Beyond energy, the news helped lift overall risk appetite, reinforcing gains across cyclical sectors. Financial markets also drew comfort from the potential macroeconomic benefits of increased oil availability, including moderated inflation pressures and steadier growth prospects. Together, these factors drove Wall Street higher, with energy and financials leading the advance as confidence improved around policy clarity and global supply outlooks.
Consequently, shares of JPMorgan Chase & Co. (JPM - Free Report) and Exxon Mobil Corporation (XOM - Free Report) rose 2.6% and 2.2%, respectively. Both currently carry a Zacks Rank #3 (Hold). You can see the complete list of today's Zacks #1 Rank (Strong Buy) stocks here.

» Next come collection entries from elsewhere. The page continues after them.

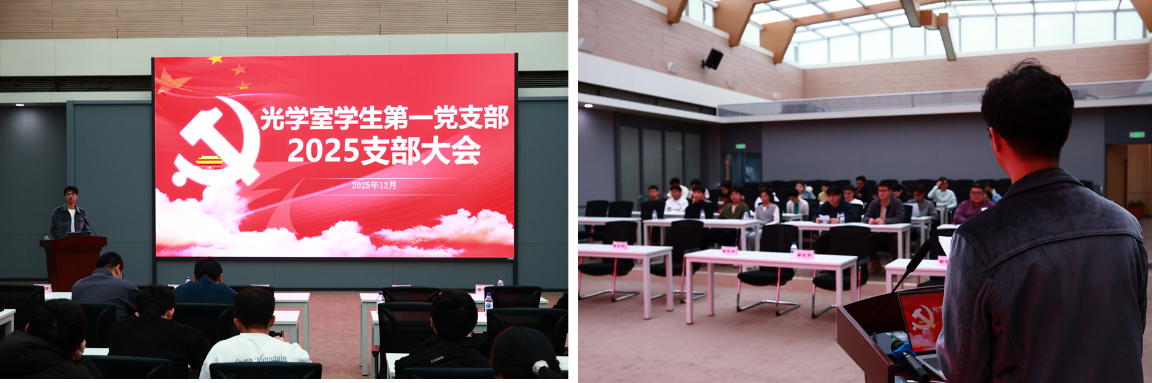 为严格落实 “三会一课” 制度,扎实推进党支部标准化规范化建设,全面总结 2025 年度党建工作成效,深入学习党的创新理论与科技创新重要精神,2025年12月19日下午,长春光机所光学室学生第一党支部在光学楼阳光报告厅召开党员大会。支部全体党员、入党积极分子参会,党支部书记刘斌主持会议。 会议在庄重严肃的氛围中拉开帷幕。首先举行新下室学生党员见面会环节,分享个人科研方向、入党初心及对支部生活的期待。老党员代表结合自身科研与支部工作经历,从理论学习、组织生活参与、科研协作等方面分享经验心得,表达了对新党员的欢迎与期许。现场互动热烈、氛围融洽,有效帮助新党员快速融入支部集体,进一步夯实了支部 “传帮带” 的优良传统,为支部注入新鲜活力。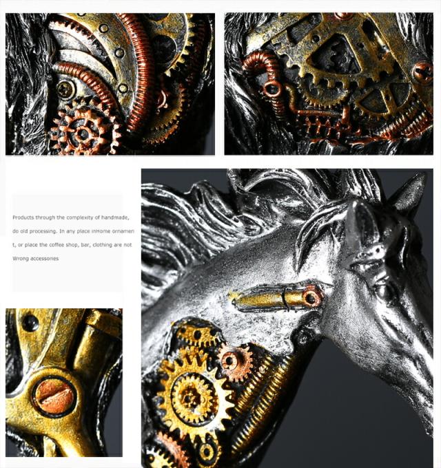 スチームパンク風メカニカルホース彫像機械式馬レジン工芸品装飾動物彫刻抽象的現代装飾ギアオブジェ動物フィギュア置物贈り物輸入品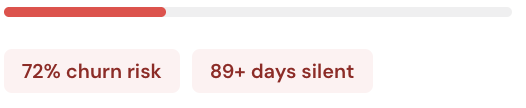 Know which customers are at risk of leaving before they ghost you. Scored 0–100 with suggested retention actions.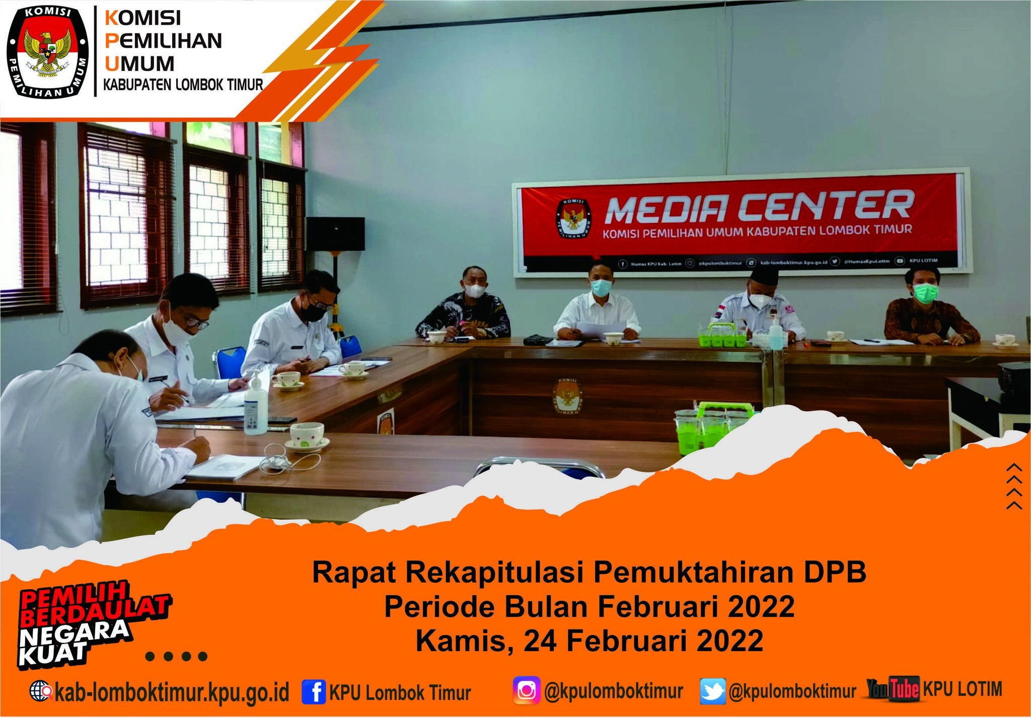Bertempat di Ruang Media Center, KPU Kabupaten Lombok Timur laksanakan Rapat Rekapitulasi Pemutakhiran DPB bulan Februari 2022, Kamis 24/02/2022.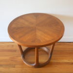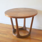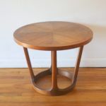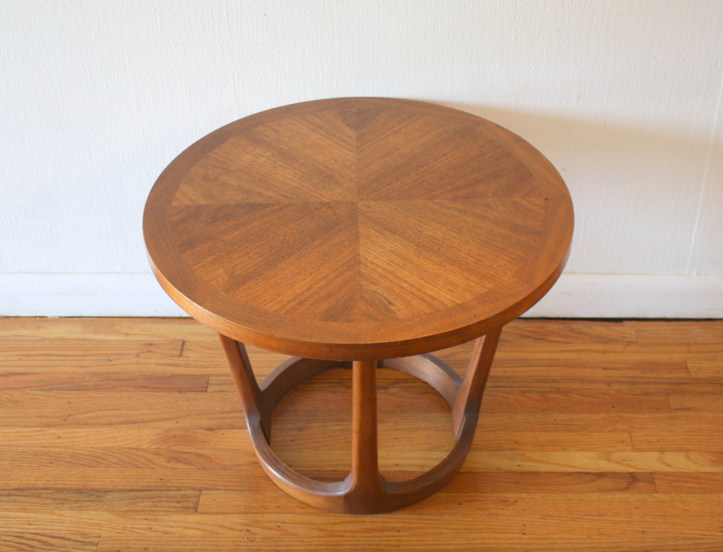 Mid Century Modern Sculpted Base Side End Table by Lane This is a mid century modern round side end table by Lane. It has a sculpted base and parquet design top: 21″diameter, 16″H. Brutalist metal sailboat sculpture is sold separately. *SOLD*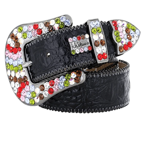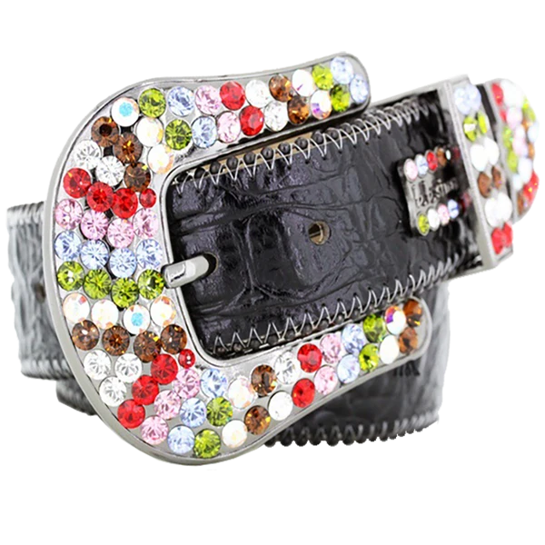 All our belts are made with beautiful Swarovski crystals this one happens to be on the buckle a black Italian leather strap.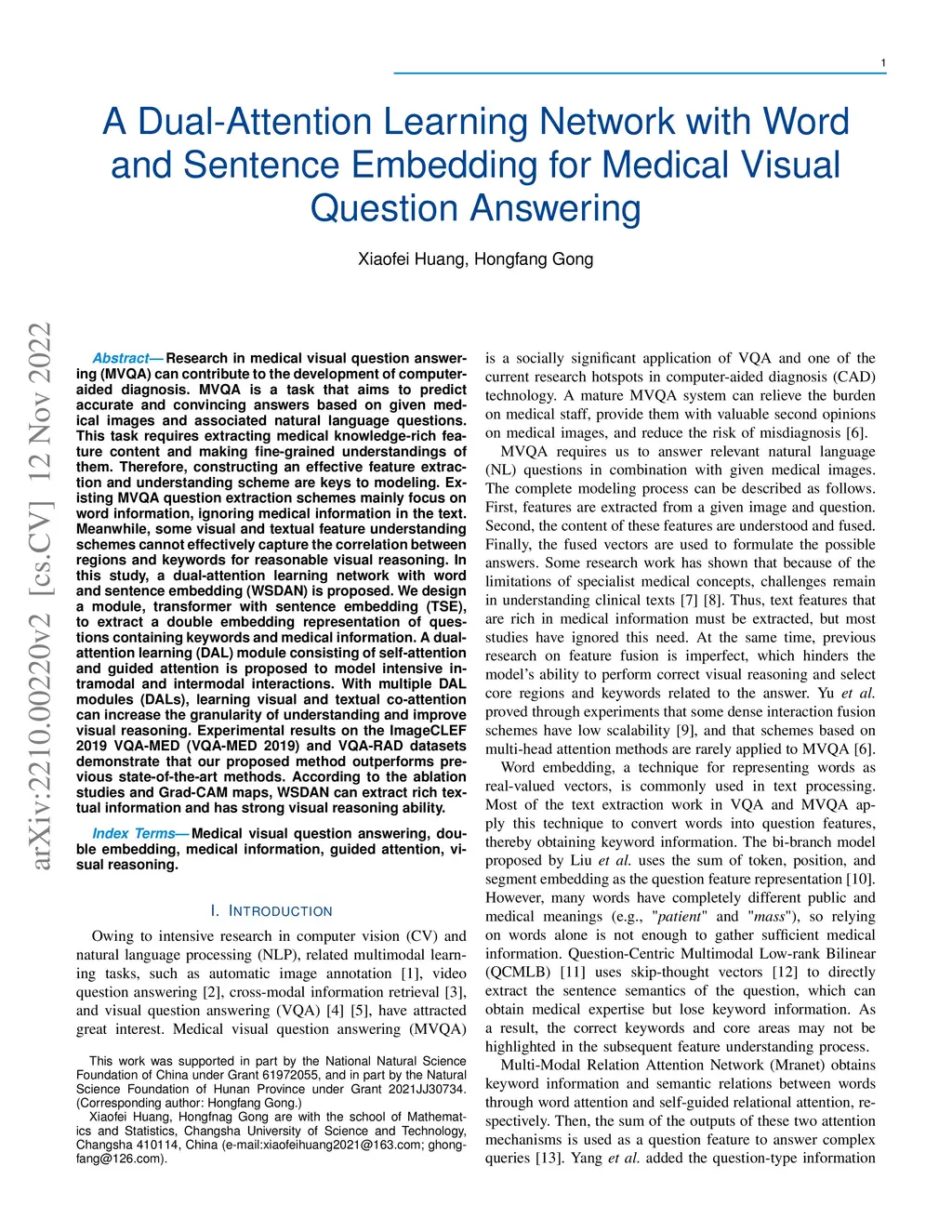 Research in medical visual question answering (MVQA) can contribute to the development of computeraided diagnosis. MVQA is a task that aims to predict accurate and convincing answers based on given medical images and associated natural language questions. This task requires extracting medical knowledge-rich feature content and making fine-grained understandings of them. Therefore, constructing an effective feature extraction and understanding scheme are keys to modeling. Existing MVQA question extraction schemes mainly focus on word information, ignoring medical information in the text. Meanwhile, some visual and textual feature understanding schemes cannot effectively capture the correlation between regions and keywords for reasonable visual reasoning. In this study, a dual-attention learning network with word and sentence embedding (WSDAN) is proposed. We design a module, transformer with sentence embedding (TSE), to extract a double embedding representation of questions containing keywords and medical information. A dualattention learning (DAL) module consisting of self-attention and guided attention is proposed to model intensive intramodal and intermodal interactions. With multiple DAL modules (DALs), learning visual and textual co-attention can increase the granularity of understanding and improve visual reasoning. Experimental results on the ImageCLEF 2019 VQA-MED (VQA-MED 2019) and VQA-RAD datasets demonstrate that our proposed method outperforms previous state-of-the-art methods. According to the ablation studies and Grad-CAM maps, WSDAN can extract rich textual information and has strong visual reasoning ability.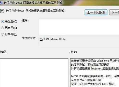 然后依次展开“计算机配置-管理模板-系统-Internet 通信管理”,在“Internet 通信设置”在列表中找到“关闭Windows网络连接状态指示器活动测试”并双击打开。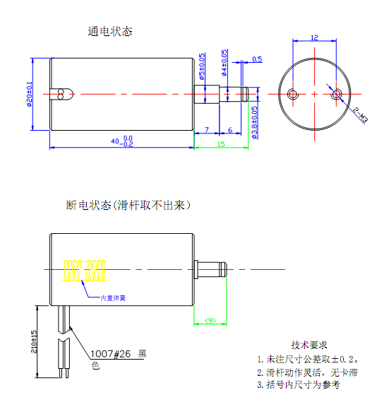 圓管式電磁鐵T2040 是電磁鐵廠家研發(fā)、設(shè)計(jì)的一款內(nèi)置彈簧的推拉式電磁鐵,在不影響產(chǎn)品性能的前提下,把復(fù)位彈簧內(nèi)置,有效的節(jié)省了電磁鐵整體尺寸,提升了客戶空間的使用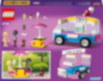 LEGO® Friends Jäätelöauto (41715) on makea herkkupala ruokaleikeistä pitäville rakentelijoille 4-vuotiaasta alkaen. Mukana on LEGO Friends mininuket Andrea ja Roxy sekä söpö koirahahmo. Lapset rakentavat ensin hienon auton ja leikkivät sitten myyjää, joka valmistaa herkullisia jäätelöannoksia, tai kaveruksia, jotka viettävät aikaa tarjoilualueella. Täydellinen lahja 4 vuotta täyttäneille 4+-lelusetit on suunniteltu niin, että rakentaminen on lasten leikkiä. Hienon auton voi rakentaa kokoamalla palikat tukevaan aloituspalikkaan. Leikit pääsevät heti vauhtiin, sillä jokaisessa palikkapussissa on hahmo ja rakennelma. Vaikka lapset eivät juuri tarvitse apua rakenteluun, digitaaliset rakennusohjeet ovat silti käytettävissä ilmaisessa LEGO Building Instructions sovelluksessa. Niillä kaikenikäiset rakentelijat voivat zoomata, kiertää ja tarkastella rakentamaansa mallia erityisessä haamutilassa uppoutuessaan rakenteluun.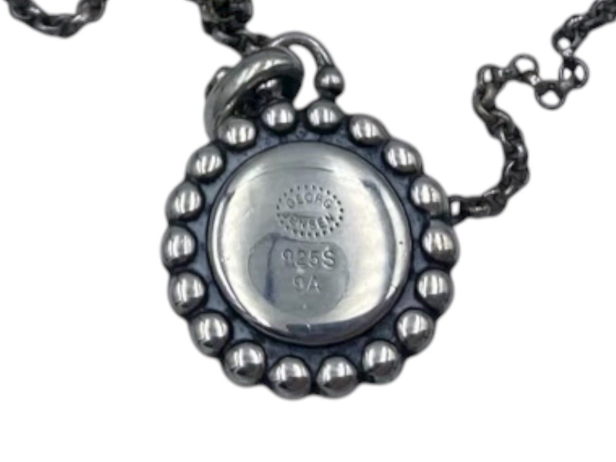 The necklace measures 46.0 cm., the pendant measures 1.2 cm. in diameter.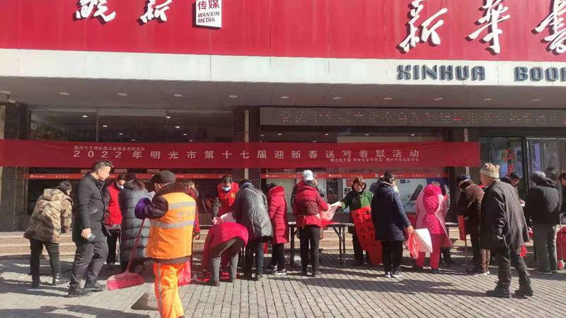 1月13日,明光市文联、新华书店、书法家协会联合举办第十七届“迎新春写春联”活动。15名书法家身着文艺轻骑兵志愿者红马甲不畏严寒挥毫泼墨,欣然为市民书写对联。现场群众既有普通职工、退休老人,也有环卫工人、快递小哥,他们围在桌前争相领取春联。

Defense Stocks Rise on Geopolitical and Policy Signals
Defense stocks also got a boost on Monday as geopolitical uncertainty resurfaced following Washington’s tougher stance on Venezuela, reinforcing focus on national security. Investors also bet on sustained U.S. defense spending amid ongoing international conflicts and policy realignments. The broader market rally and renewed risk appetite further supported defense names tied to long-term government contracts.
Economic Data
The Institute for Supply Management reported that its manufacturing PMI slipped to 47.9 in December 2025, the weakest reading since October 2024 from 48.2 in November. A level below 50 signals contraction in manufacturing.